I would really like to see evidence of any optical difference. That verdict is still outstanding.

Yes, the 1.9 is bigger with different mechanics, obviously. But the design is similar with one asph element in the old lens replaced with two spherical elements in the new lens.

The 1.9 did well in tests both done by Sean Reid and Puts, that I can back up with my personal experience.

Like for other manufacturers, there is sample variation with CV lenses. Probably some lemons out there for the 1.9. As for the 2.0 as well (See Uwe's shot). Unfortunately, that's just the way it is, IMO. Of course, a lens hand-picked by Cosina's CEO might have gone through more rigorous Q&A ...

Roland.

kevin m
09-08-2008, 13:05
I think it's too early--especially based on this test (as interesting as it is)--to say that there would be no differences between these two lenses in hand-held shooting.

Not "no differences," just not enough difference to really matter in hand-held shooting. Resolution seems roughly equal, and contrast can quickly be addressed in either the darkroom, or photoshop. If anything, I regard high-contrast lenses as a bit of a liability when working with a digital sensor; a flatter, duller image recorded on the sensor is much easier to work with. :)

BillBlackwell
09-08-2008, 13:46
How did you get one that was coded? After going to that trouble you then on sold it?

I could have easily hand-coded the lens flange with a sharpie, but I happened to have a spare John Milich lens flange, which activates the 28mm framelines.
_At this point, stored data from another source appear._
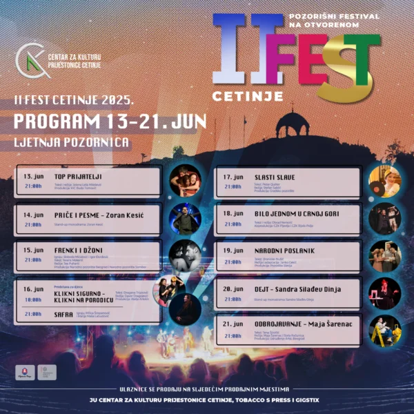Drugo izdanje pozorišnog festivala na otvorenom – II FEST CETINJE – održaće se od 13. do 21. juna 2025. godine na Ljetnjoj pozornici, u organizaciji Centra za kulturu Prijestonice Cetinje, uz podršku Prijestonice Cetinje i Ministarstva kulture i medija Crne Gore.
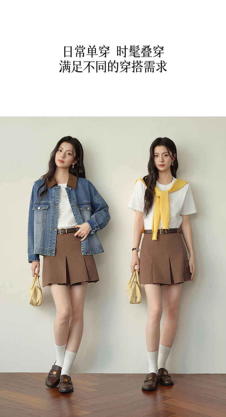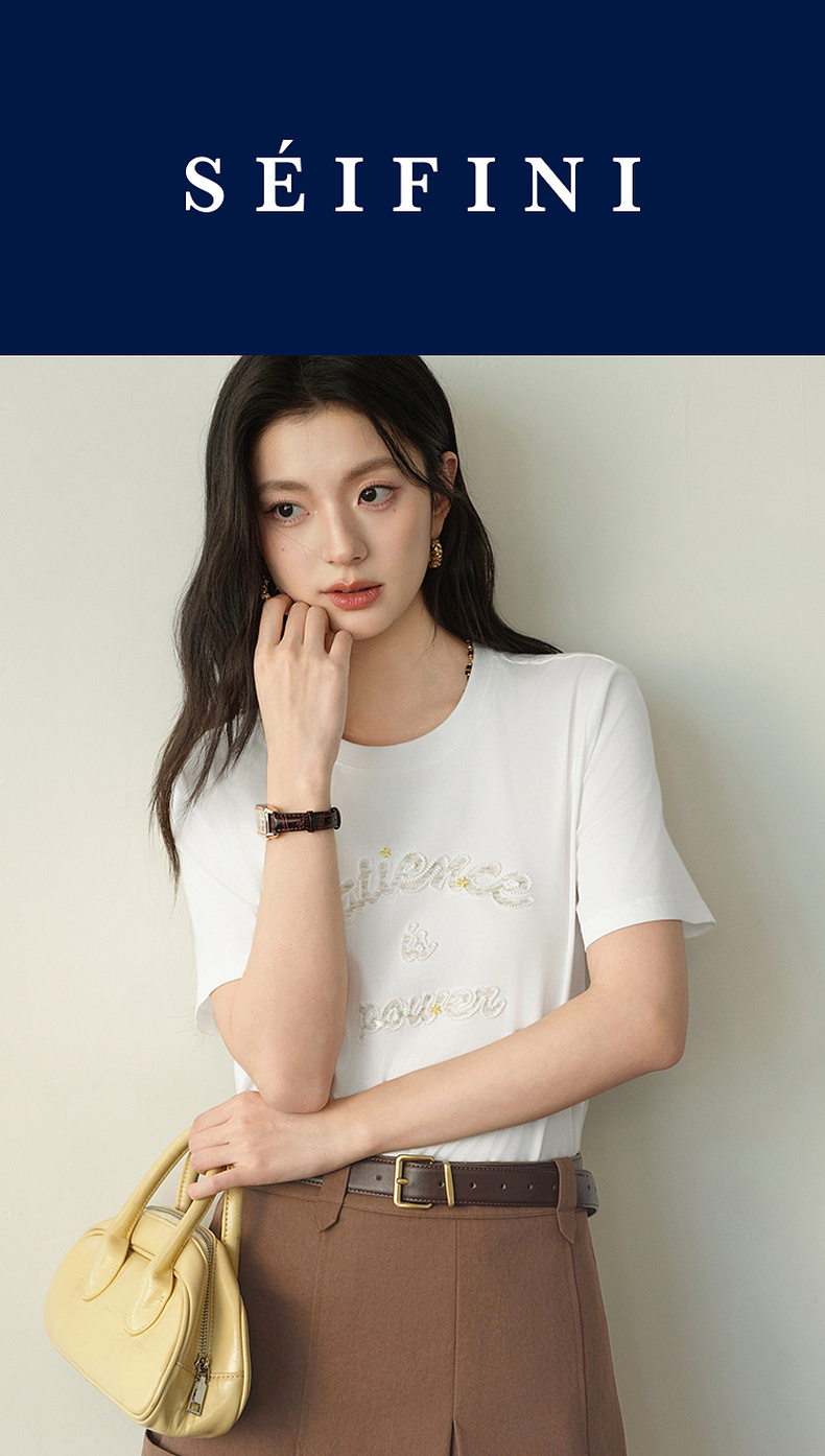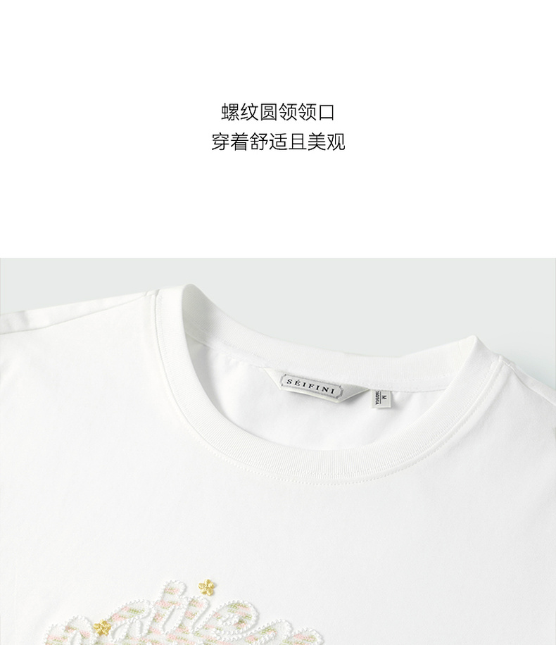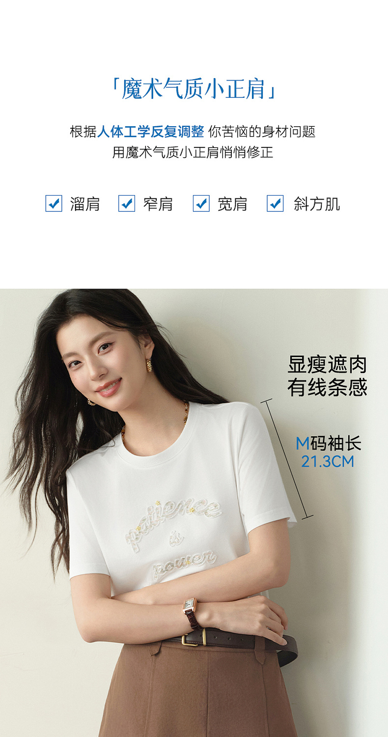 【严选】诗凡黎字母珠片绣凉感T恤2026春新款正肩显瘦内搭长绒棉短袖上衣7H2200241
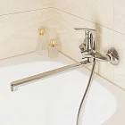 Смеситель для ванны Simp отличается простотой формы и естественной плавностью линий. Он подойдет для любого интерьера в классическом или современном стиле. Поворотный излив эстетично интегрирован в корпус, вода из него поступает в ванну под комфортным углом. В комплекте лейка для душа (67 мм), ПВХ-шланг (1,5 м) в оплетке из нержавеющей стали и держатель для лейки.
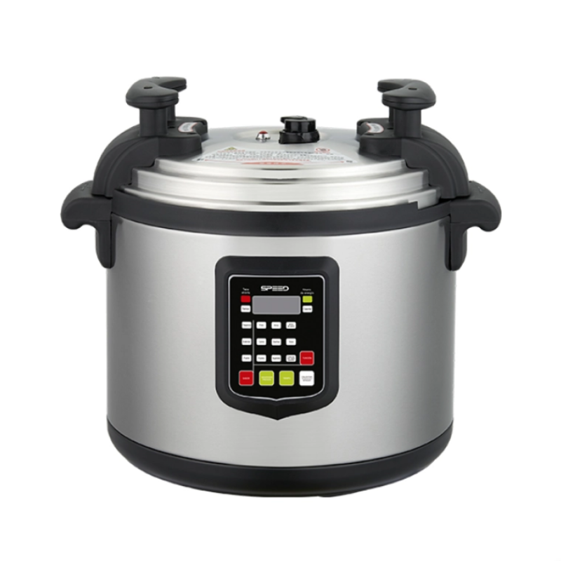 La olla a presión eléctrica SPEED de 15 litros está diseñada para quienes necesitan preparar grandes cantidades de alimentos de manera rápida y eficiente. Ideal para familias numerosas, eventos o preparaciones comerciales, combina potencia, seguridad y practicidad. Su sistema de cocción a presión reduce significativamente los tiempos de preparación, conservando nutrientes y sabor de los alimentos, mientras que su diseño robusto asegura durabilidad y facilidad de uso.
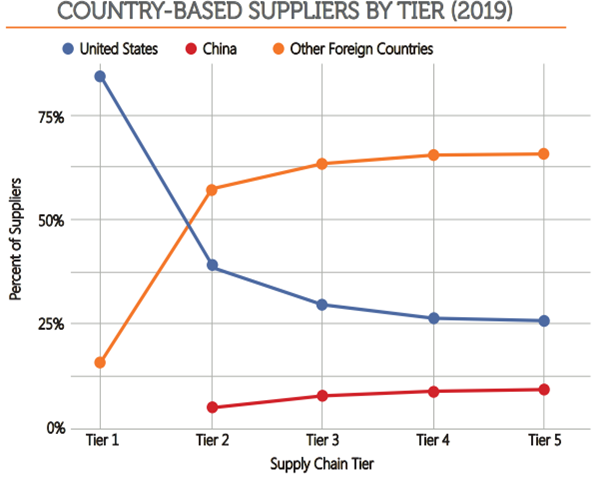 미 국방부는 미군의 군수품의 중요도에 따라 공급업체를 5개 티어(tier)로 구분하고 있다. 미국의 군사 데이터 분석업체인 가비니(Govini)가 발표한 자료에 따르면, 티어 1(중요도가 가장 높음)에 해당하는 미국 기업의 공급률은 84%, 티어 2~5에 해당하는 외국기업의 공급률은 70%로 나타났다. 티어 2에 해당하는 미국 기업의 공급률은 50% 이하로 나타났으며 티어 3~5에 해당하는 미국 기업의 공급률은 약 25% 수준인 것으로 분석되었다. 중국 기업의 공급률은 티어 1의 경우 0% 였지만, 티어 2의 경우 5%, 티어 5의 경우 9%까지 증가하고 있는 것으로 분석되었다.
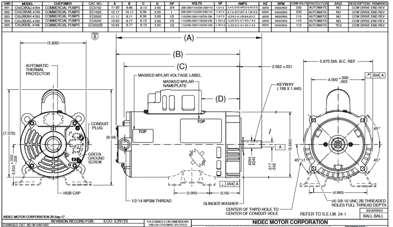 Commercial C-Face pump motor can be used for many applications. Wiring diagram on motor name plate. ODP = Open Drip Proof. C055KAJ4784014J
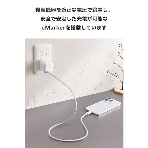 ●eMarkerを搭載し、充電時に接続する機器へ供給する電圧を自動で調整します。適正な電圧で給電できるため、安定した充電が可能です。
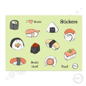 Kawaii mini sushi stickersheet Schattig stickervel met kleine sushi illustraties! Voor de echte Japan liefhebber! ^-^ Op het vel staan 18 verschillende sushi stickers. De stickers zijn geprint op mat stickerpapier. De stickers zijn professioneel uitgesneden met een Silhouette Cameo … Lees verder
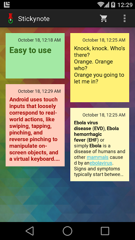 Put sticky notes on your home screen. You can put any text on your note, and configure the appearance of your note, including font size, font style, font color, note background, etc. All notes are re-sizable. Manage and fill in your sticky note easily.
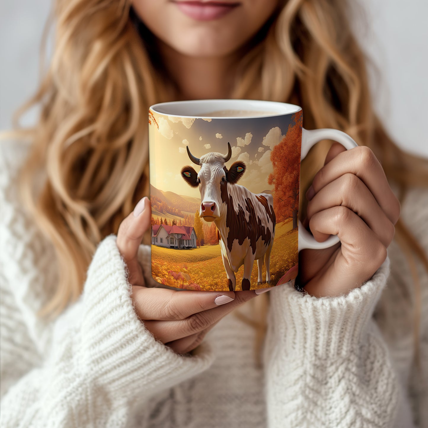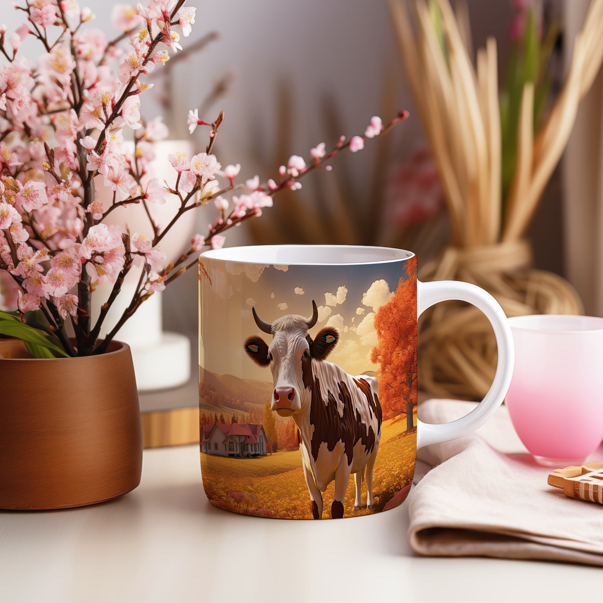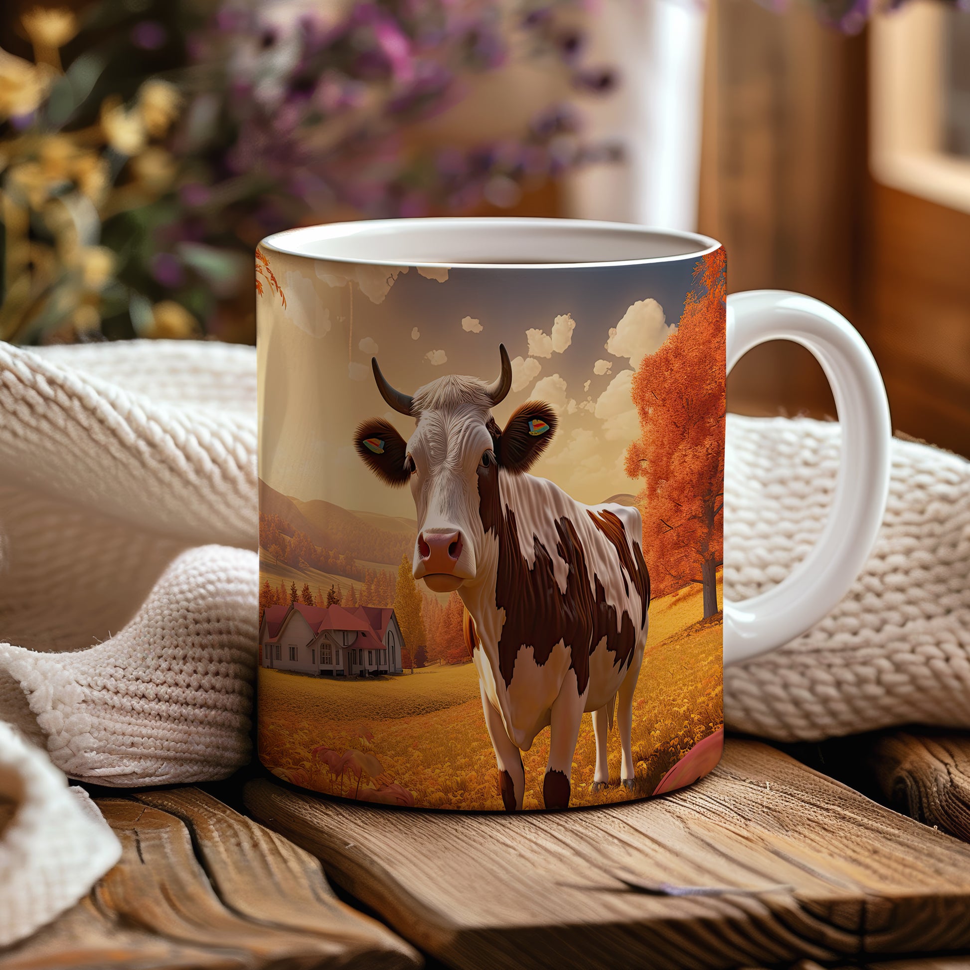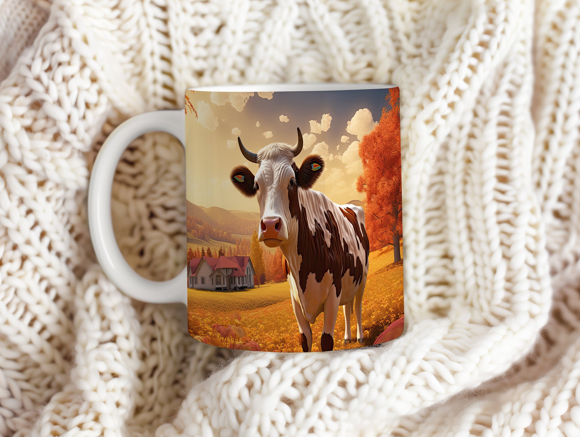 Hrnek s krávou v podzimní krajině

I just changed the original flange out and coded my spare for a 28mm Summicron.

One thing to note about the 28mm Ultron f/2 - Cosina rotated the screws on the mount slightly to the right so 6-bit coding is no longer placed where any of the screws are located.

BillBlackwell
09-08-2008, 13:51
I would really like to see evidence of any optical difference. That verdict is still outstanding... Yes, the 1.9 is bigger with different mechanics, obviously. But the design is similar with one asph element in the old lens replaced with two spherical elements in the new lens...

True - Not having tested the two Ultrons myself, I am relying on what others have said. So I admit I could be wrong about this.